1-Guilin1I’ve decided to try another trip to China, as part of a business trip.  My last effort ended badly, when I tripped on slippery tiles on a Hong Kong footpath and fell on my fistula.  It scared the hell out of Julie and me, thinking I had a life-threatening injury in a foreign country, at risk of bleeding to death where I fell.  Luckily we were already on the way to a hospital around the corner for dialysis, and more luckily, they found I had bruised but not ruptured the fistula.  All was well, but the doctor suggested we delay our trip to Beijing.  We cut the trip short and came home.

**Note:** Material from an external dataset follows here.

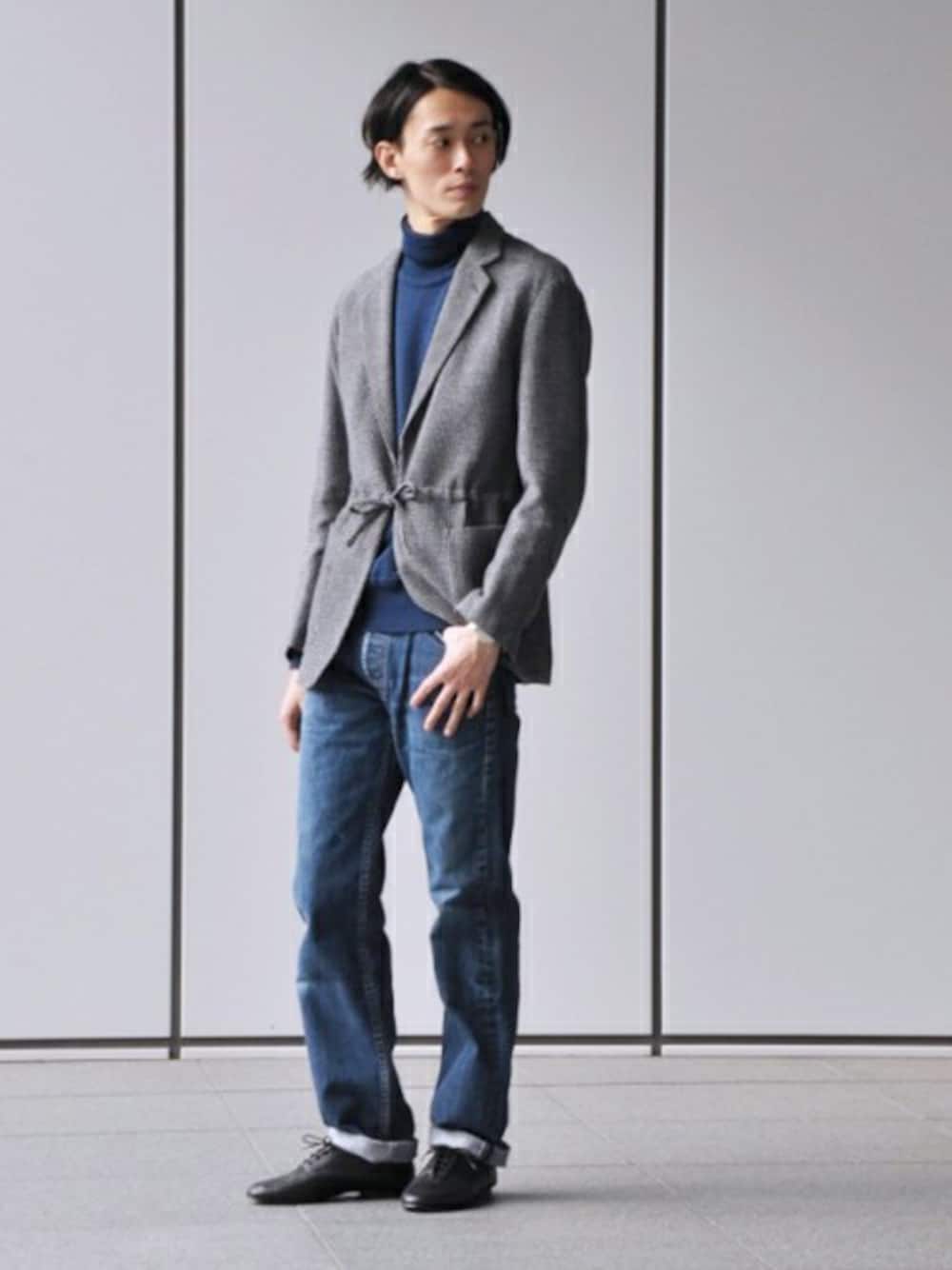 厚すぎない7ゲージニットの仕様は着膨れしづらくインナーとしても着用が可能。トレンドのブリティッシュテイストのジャケットもブルートーンでまとめることでクリーンな仕上がりに。

Well, here it is, almost 2 years later and Julie and I are ready to line up again.  This time, we plan to go to both China and Europe for a few weeks in April/May.  We will start with a direct flight from Melbourne to Beijing, stay about 5 days, and then fly to London to do some work and catch up with our No. 2 son.  We will probably stay there for about 12 days travelling to Gloucester in the Cotswolds and perhaps Oxford, then Stockholm, back to London and home.

Here’s how we plan and schedule the dialysis I need at each stop.

Arranging dialysis from a distance is like getting a dentist appointment.  The closer the appointment, the less likely you can get one.  So the Number 1 Rule is to start booking early.

Many countries have two kinds of dialysis centres, public and private.  Some are completely separate (like Australian and the UK); others have private chairs in public units (like in China).  Public dialysis is usually free to the citizens of that country, while everyone must pay to use a private unit.  So visitors like me usually book into private units.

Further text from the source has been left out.